This summer has been a window of opportunity for Liverpool to regroup and reshape – Si Steers is cautiously optimistic we have made better decisions and learnt from our mistakes.
It’s been a busy summer at Liverpool following a season that was dominated by mistakes in the transfer market. It is unfair to say that last summer was a complete disaster, as Emre Can, Alberto Moreno and Lazar Markovic could all become great players for the club in the future. Both Adam Lallana and Dejan Lovren also have plenty to prove with a clean slate ahead of them.
But the failure to recruit a top level striker was one of the primary reasons that the club struggled through last season – a clear and costly failure by the transfer committee at Liverpool, and a case in point about how small the margin for error is in which they operate.
If poor recruitment was one reason for failure – poor decisions throughout the season were another. The team struggled for both intensity and identity and looked a shadow of the side that almost clinched the title the season before. The buck stops with Brendan Rodgers there.

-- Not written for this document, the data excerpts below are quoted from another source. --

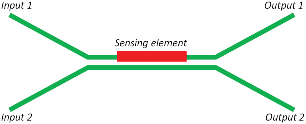 Mach-Zehnder interferometers (MZIs) have been widely proposed for chemical and biochemical sensing applications. In particular, the schematic sketched in Figure 10 represents a MZI-based architecture characterized by a sensing arm (i.e., the waveguide exposed to cover medium) and a reference arm (i.e., the waveguide covered by an insulating layer such as SU-8, Teflon, SiO2), jointed together by input and output Y-junctions. The relation between optical intensity at the sensor output and that propagating at the input section of the overall device is given as [60]:
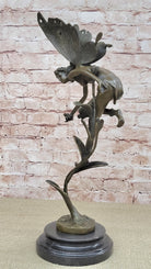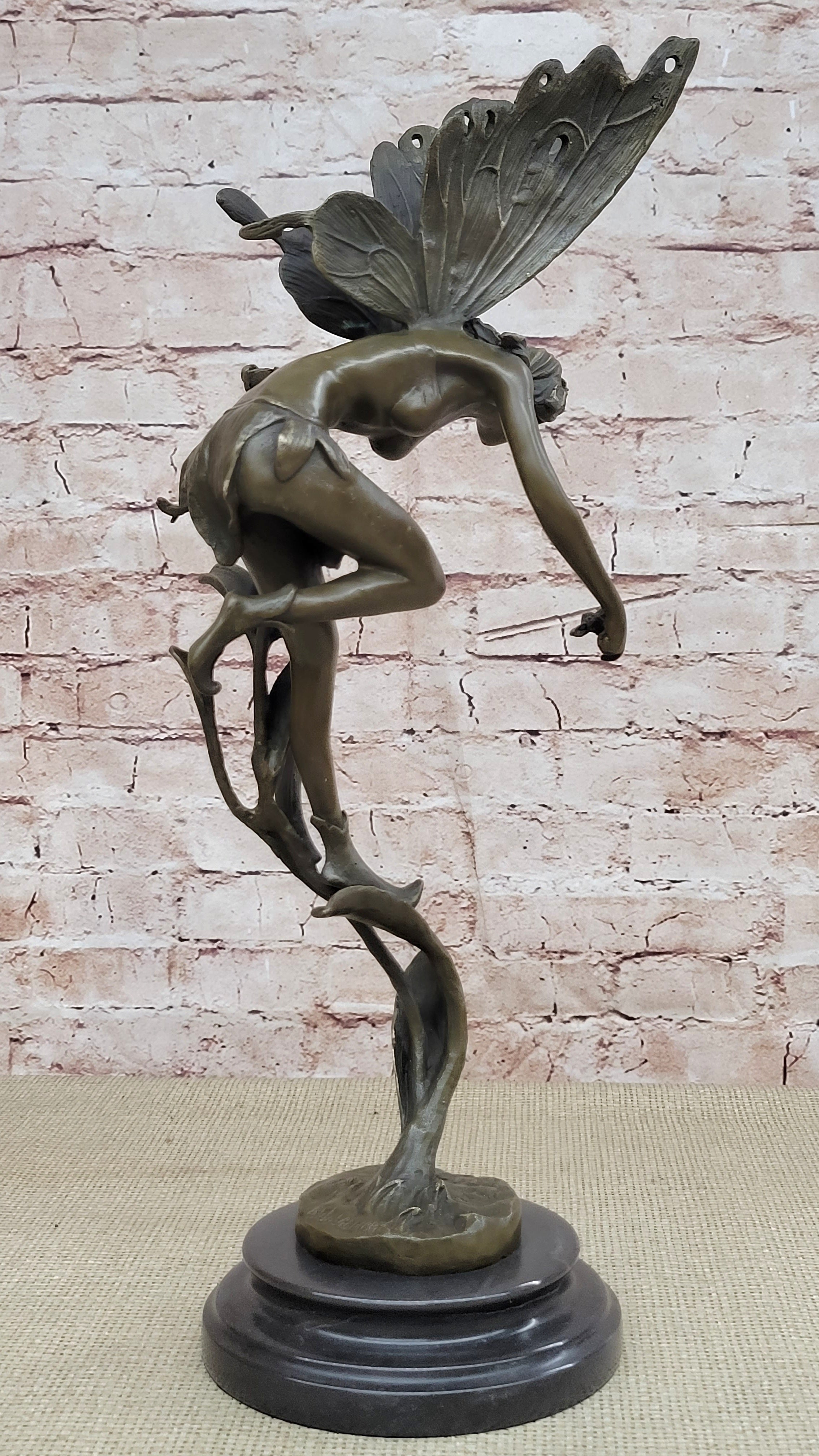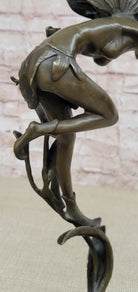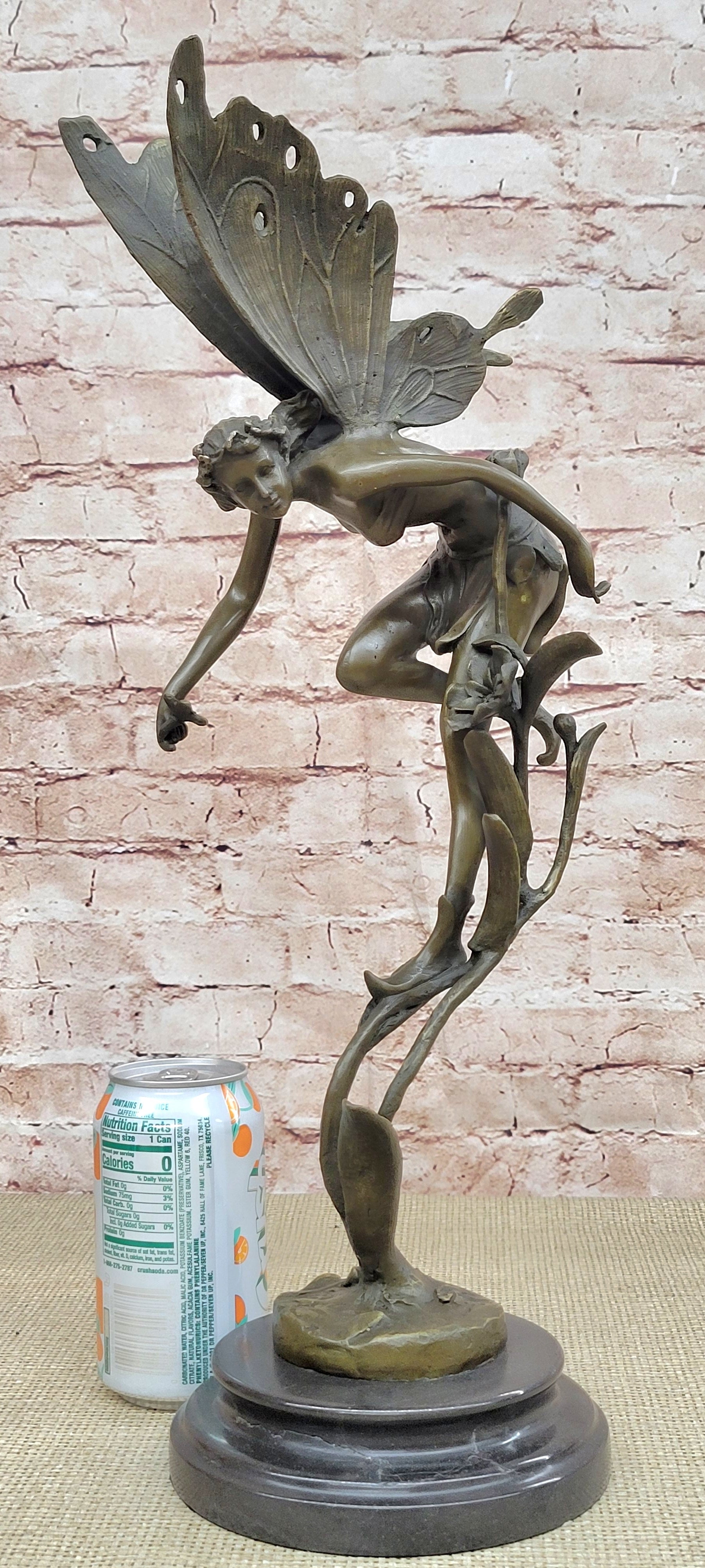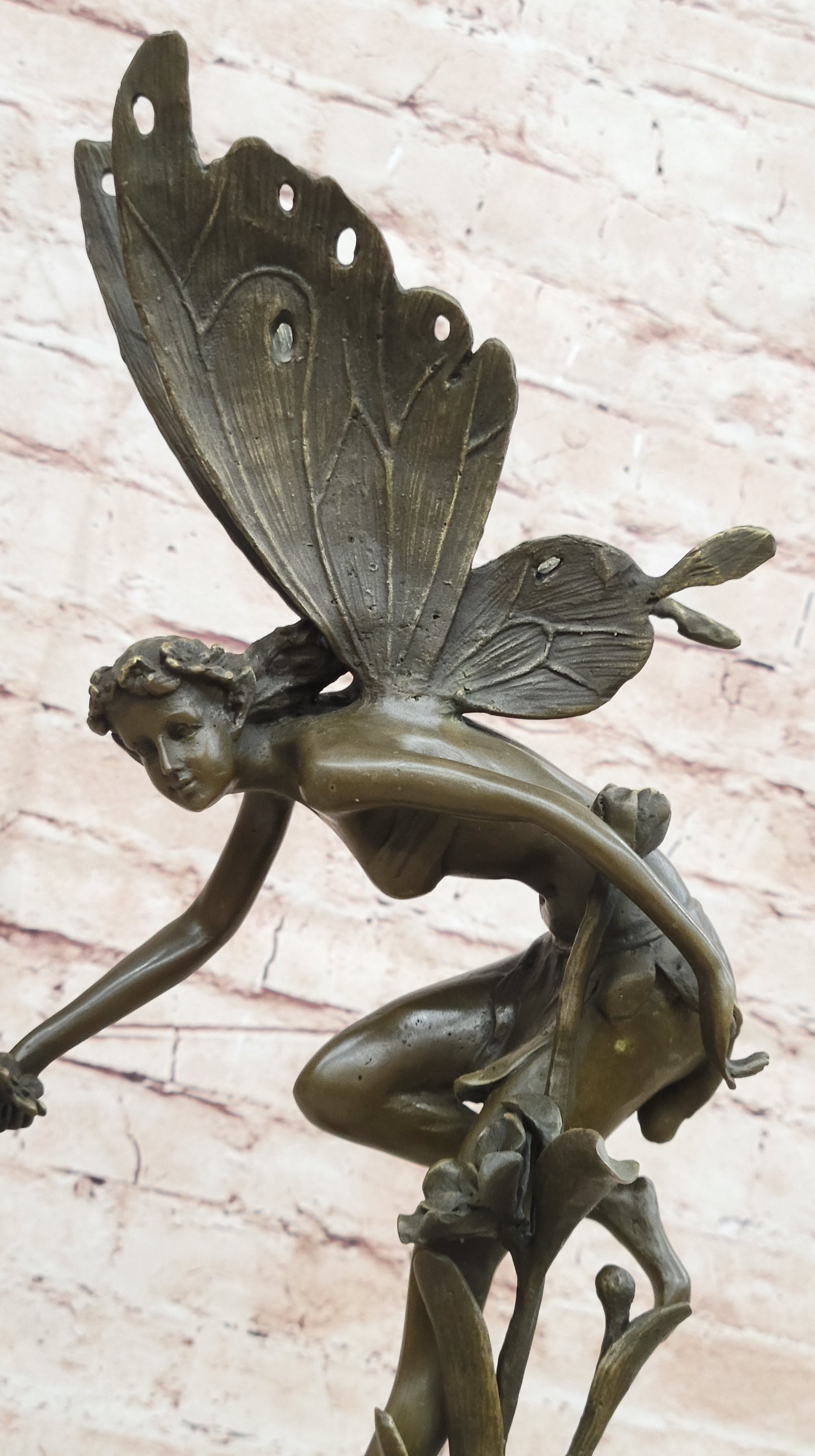 Mythical Fairy Nymph Flower Floral Scene Bronze Statue Sculpture Marble Base Art 19" x 7"
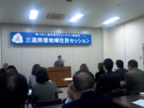「三遠南信サミット」は18回目、いつもこの時に「三遠南信議会議長会」も行われ、三遠南信道整備促進のための会合が行われるが、それには参加せずに「住民セッション」に参加した。
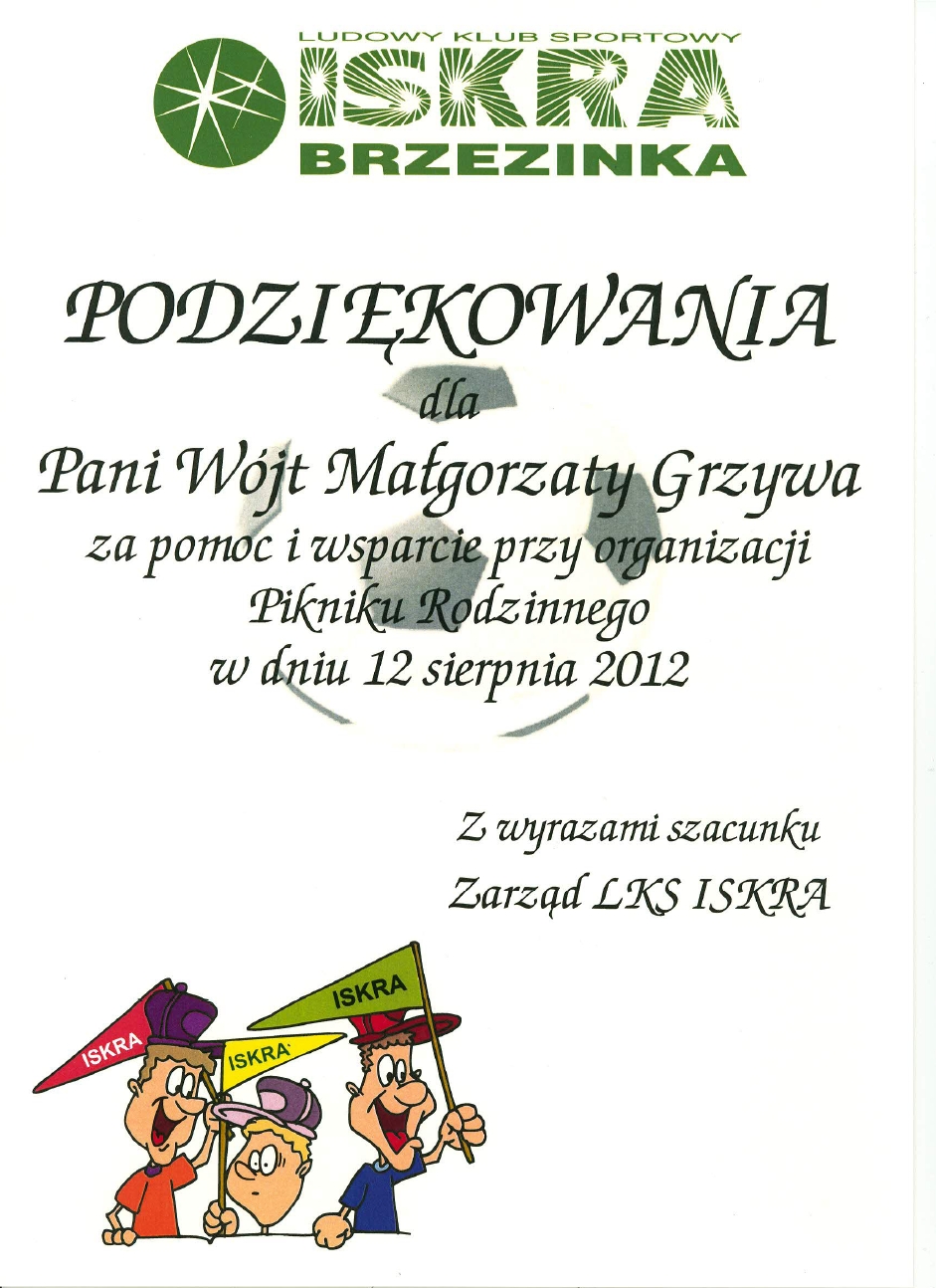 Podziękowanie za pomoc i wsparcie przy organizacji Pikniku Rodzinnego w dniu 12 sierpnia 2012 roku.

Much was made of the end of season review conducted by FSG, and there will have been a lot of soul searching from everybody at the club. Love or hate our owners, they do not suffer fools, and they are not at Liverpool to fail (yes they want to make a profit – but they also want to win).
The conclusion from that review was that Rodgers had shown enough that with the right players, he can build a side to compete. But changes had to be made.
Changing the dynamic
In the absence of a Sporting Director at Liverpool, Rodgers has never really had the counsel of experience. Both Colin Pascoe and Mike Marsh were loyal lieutenants, but you sense that neither offered the wisdom or counsel that comes with challenging the manager. You want unity in your management team – but if unity means complacency or holds back new ideas it is time to change the dynamic.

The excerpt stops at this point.